If you’ve driven through New Jersey, Pennsylvania, Delaware, Maryland, or Virginia, you’ve surely seen the red-lettered Wawa sign marking the home of yet another branch of the popular convenience store. Whether it’s for the inexpensive gas, surcharge-free ATMs, hot coffee, or freshly made sandwiches, folks in the mid-Atlantic love their Wawa. The store is also a delicious example of the value of ordering kiosks something that credit union land might refer to as an in-branch, member service kiosk.

In 2002, Wawa put touch-screen ordering kiosks in all of its stores to allow customers to personalize their deli orders. The Wawa deli features an extensive menu of made-to-order sandwiches, soups, salads, quesadillas, and breakfast foods the works.
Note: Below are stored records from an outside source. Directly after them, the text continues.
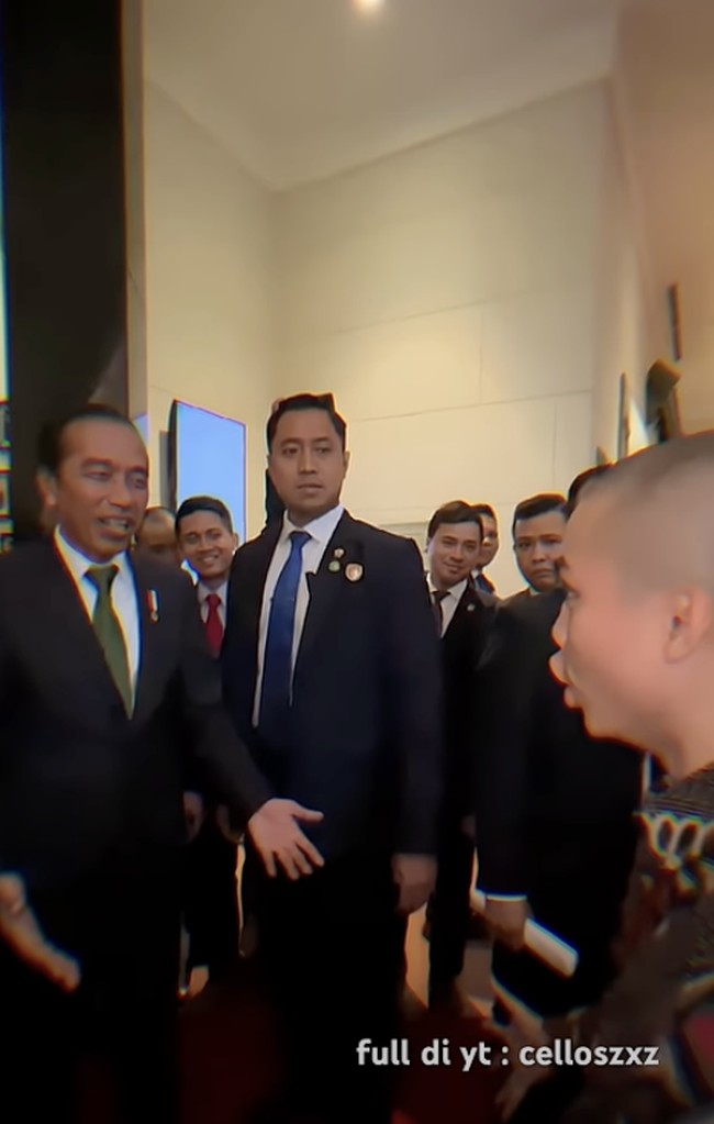 Setelah itu, video tersebut menampilkan momen pertemuan Cellos dengan Jokowi. Cellos mengajak Jokowi melakukan selebrasi 'siuuu'.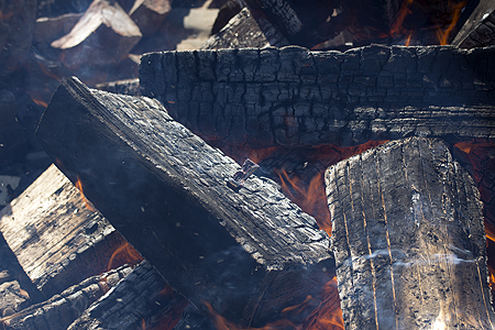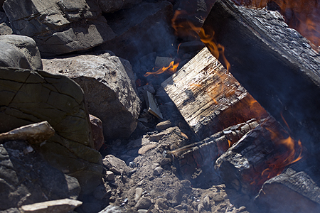 Bill's chip had some problems. The wind caught it and it blew out of the fire. It's there, to the left of the fire but where we couldn't grab it and throw it back in to the fire. |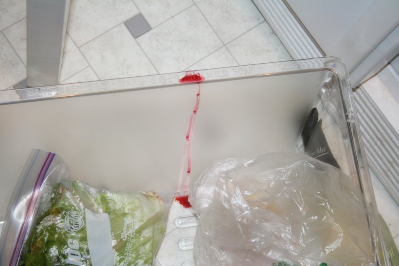 We couldn’t figure it out, as we followed it’s heinous trail from the beneath the crisper, up…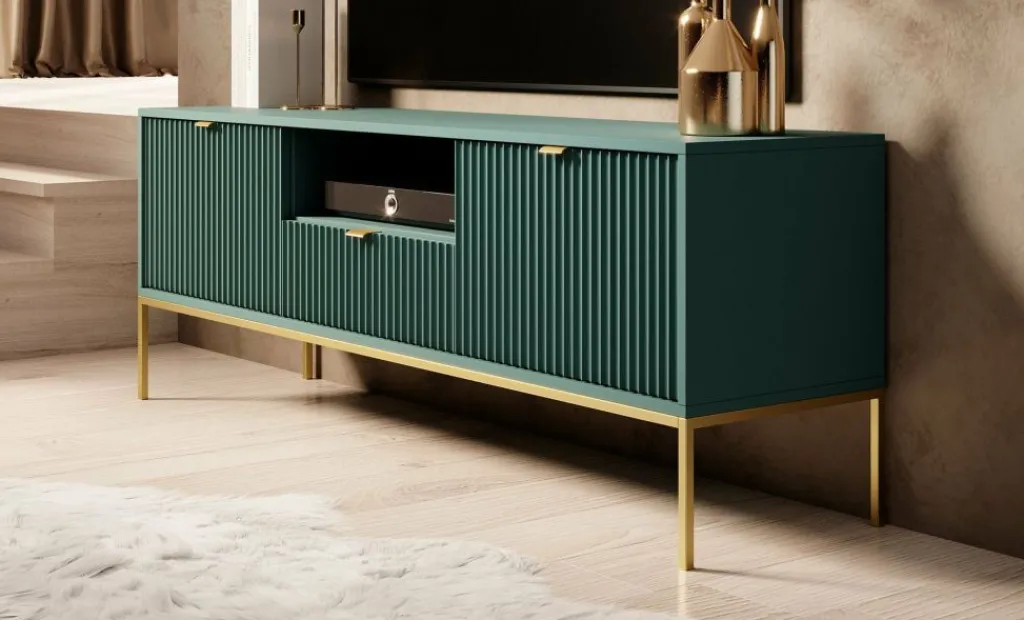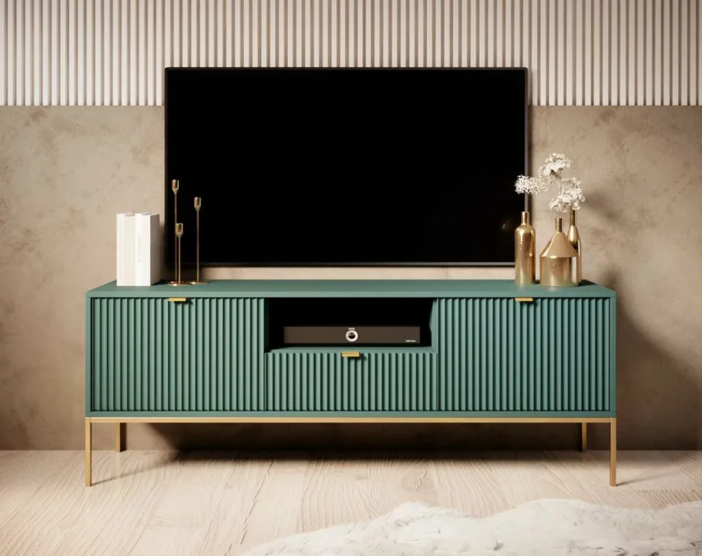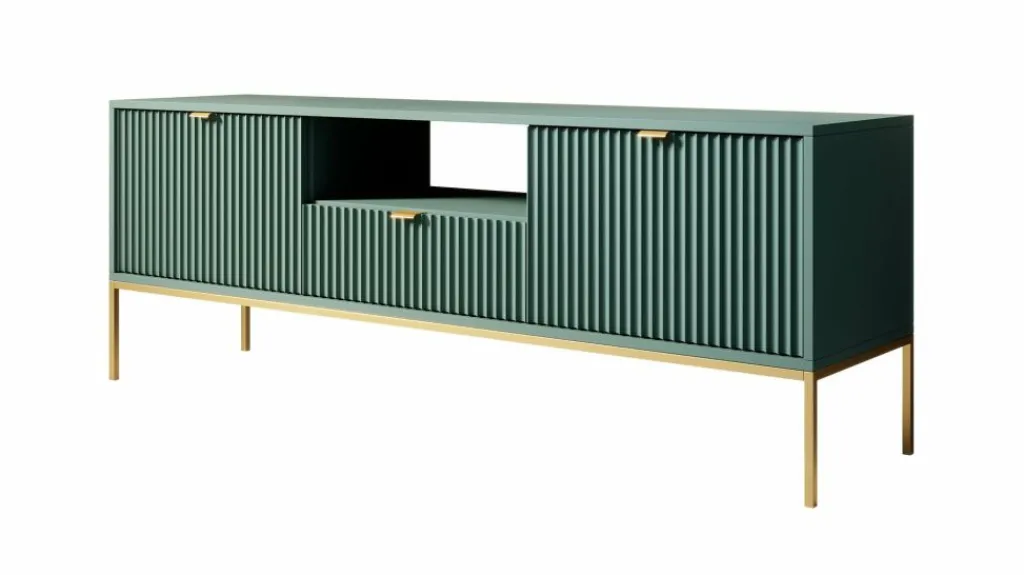 TV-meubel Navil is een design meubel met voldoende opbergmogelijkheden. Deze kast heeft een breedte van 154 centimeter en is gemaakt van spaanplaat met een melamine coating in groene kleur. Dankzij het kleurgebruik en design is dit meubel geschikt voor zowel industriële als hotelchique interieurs. De kast beschikt over twee klepdeuren welke te openen zijn via goudkleurige handgrepen. In het middel bevindt zich een open schap met daaronder een lade. Ook deze is te openen door een goudkleurige handgreep. Aan de achterzijde bevindt zich een gat om eventuele bedrading weg te werken.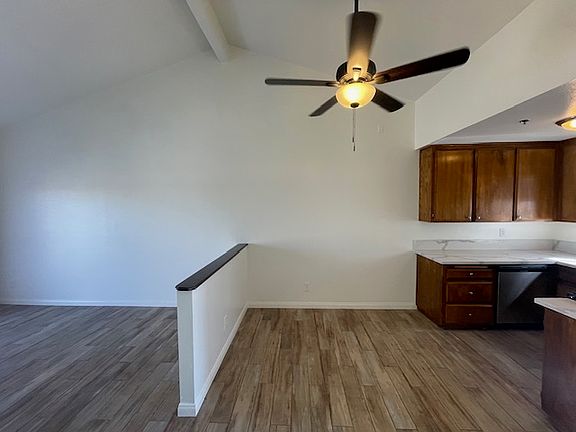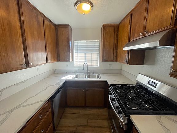 Welcome to this beautifully renovated 1 bedroom, 1 bathroom apartment featuring fresh paint, stylish tile plank flooring, and a cozy carpeted bedroom. The modern kitchen boasts sleek quartz countertops and brand-new stainless steel appliances, including a dishwasher, stove, and range hood. The bathroom offers a contemporary vanity with quartz top and elegant new sliding glass doors. Enjoy the comfort of brand-new electrical fixtures, a brand new high-efficiency AC, and a new furnace for year-round comfort. Additional features include vaulted ceilings and a small backyard. The apartment offers central air and heat, one carport space, and access to an on-site laundry room. Water and trash are included. Tenants are responsible for all other utilities. No pets are permitted. 1 extra parking space is available at an extra $75 per month.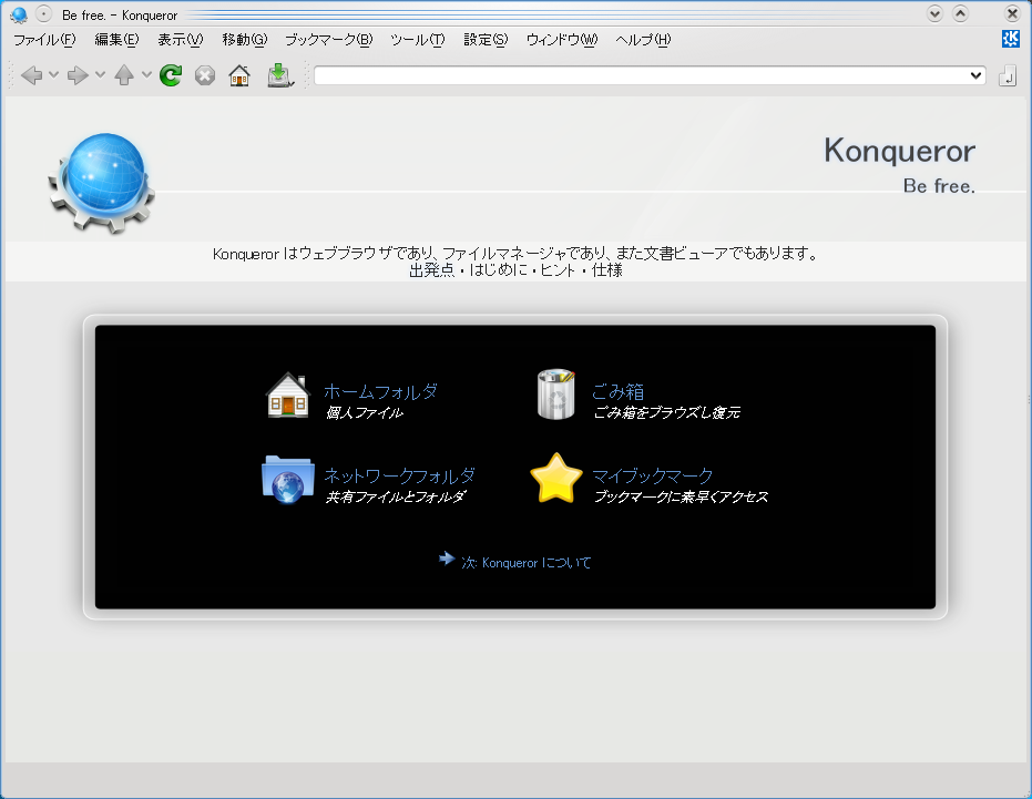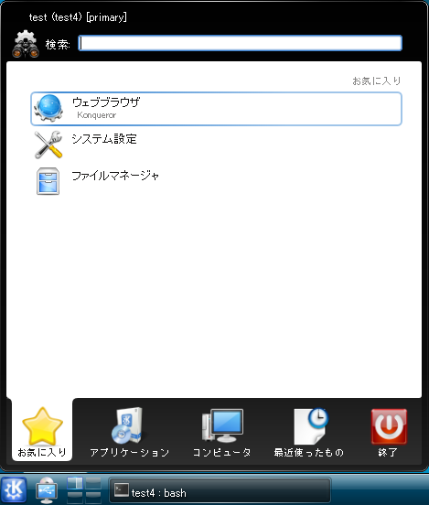 Konqueror を起動する場合も同様で KDE でメニューから「お気に入り」-「ウェブブラウザ」をクリックするか、以下のようにコマンドを実行します。

The kiosks cut down on lines, assure accuracy in orders, and allow Wawa to track deli sales and inventory.

Its neighbor, Sheetz, which is also a staple of Mid-Atlantic highways, began experimenting with touchscreens to order deli sandwiches back in 1993. In a May Fast Company article, Sheetz CEO, Joe Sheetz, told writer Neal Ungerleider that touch screens also allowed Sheetz to introduce customers to new and unfamiliar products. For example, many of its customers who lived in rural markets were unfamiliar with espresso-based drinks and their various special titles. In response, the company made the drinks prominent on the touchscreen order points, where the user could see pictures of the drinks and clear, easy-to-read descriptions of all espresso bar items. With a screen-based food ordering system, you can put descriptors on anything, Sheetz says.

Customers can also find things on the touch screen terminals they didn’t know the convenience stores carried. It’s an opportunity to push new products.

Although credit unions aren’t selling sandwiches and coffee, member service kiosks have the same upside. Once members get comfortable using the technology, it provides an opportunity to showcase the entire menu of the credit union’s offerings. It’s also a platform to simplify and explain the credit union’s more complicated products. At the least, member-service kiosks can give members a primer on what products are available, pique their interest, and give them a background in a product so they feel more comfortable approaching a branch employee with further questions.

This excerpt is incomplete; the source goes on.